[DATA FOR THIS EXERCISE]
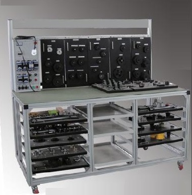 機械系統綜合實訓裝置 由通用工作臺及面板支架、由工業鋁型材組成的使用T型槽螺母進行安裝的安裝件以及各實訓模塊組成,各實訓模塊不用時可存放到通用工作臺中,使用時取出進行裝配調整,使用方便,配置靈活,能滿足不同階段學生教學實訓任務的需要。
[/DATA FOR THIS EXERCISE]
[DATA FOR THIS EXERCISE]
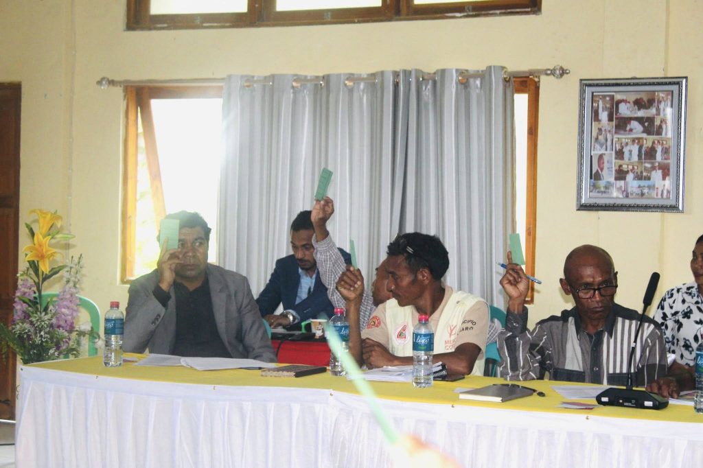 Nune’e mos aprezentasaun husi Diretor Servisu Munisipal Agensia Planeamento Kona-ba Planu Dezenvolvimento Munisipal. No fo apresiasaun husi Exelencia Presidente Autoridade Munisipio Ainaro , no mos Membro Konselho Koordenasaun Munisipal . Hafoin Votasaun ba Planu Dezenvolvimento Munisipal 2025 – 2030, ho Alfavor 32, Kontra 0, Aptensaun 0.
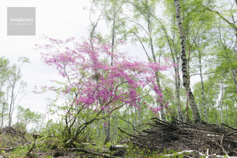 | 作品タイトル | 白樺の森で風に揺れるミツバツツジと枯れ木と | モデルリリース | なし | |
[/DATA FOR THIS EXERCISE]
[DATA FOR THIS EXERCISE]
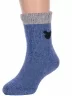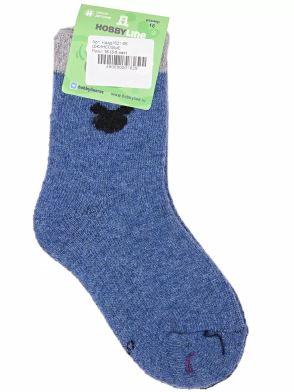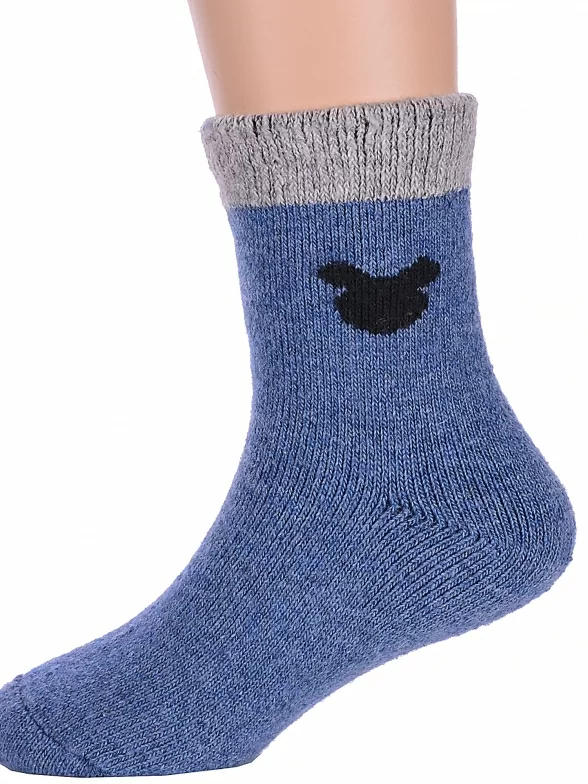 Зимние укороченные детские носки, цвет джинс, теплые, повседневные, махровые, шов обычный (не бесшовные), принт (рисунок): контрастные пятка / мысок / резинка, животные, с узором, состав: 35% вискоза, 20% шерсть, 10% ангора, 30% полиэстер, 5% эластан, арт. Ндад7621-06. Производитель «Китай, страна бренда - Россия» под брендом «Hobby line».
[/DATA FOR THIS EXERCISE]
### WHAT THE TASK REQUIRES
Reproduce exactly, with no pictures, the lines above from the one holding "Nune’e mos aprezentasaun" to the one holding "モデルリリース | なし | |", inclusive.

### PROBLEM SOLUTION
 Nune’e mos aprezentasaun husi Diretor Servisu Munisipal Agensia Planeamento Kona-ba Planu Dezenvolvimento Munisipal. No fo apresiasaun husi Exelencia Presidente Autoridade Munisipio Ainaro , no mos Membro Konselho Koordenasaun Munisipal . Hafoin Votasaun ba Planu Dezenvolvimento Munisipal 2025 – 2030, ho Alfavor 32, Kontra 0, Aptensaun 0.
 | 作品タイトル | 白樺の森で風に揺れるミツバツツジと枯れ木と | モデルリリース | なし | |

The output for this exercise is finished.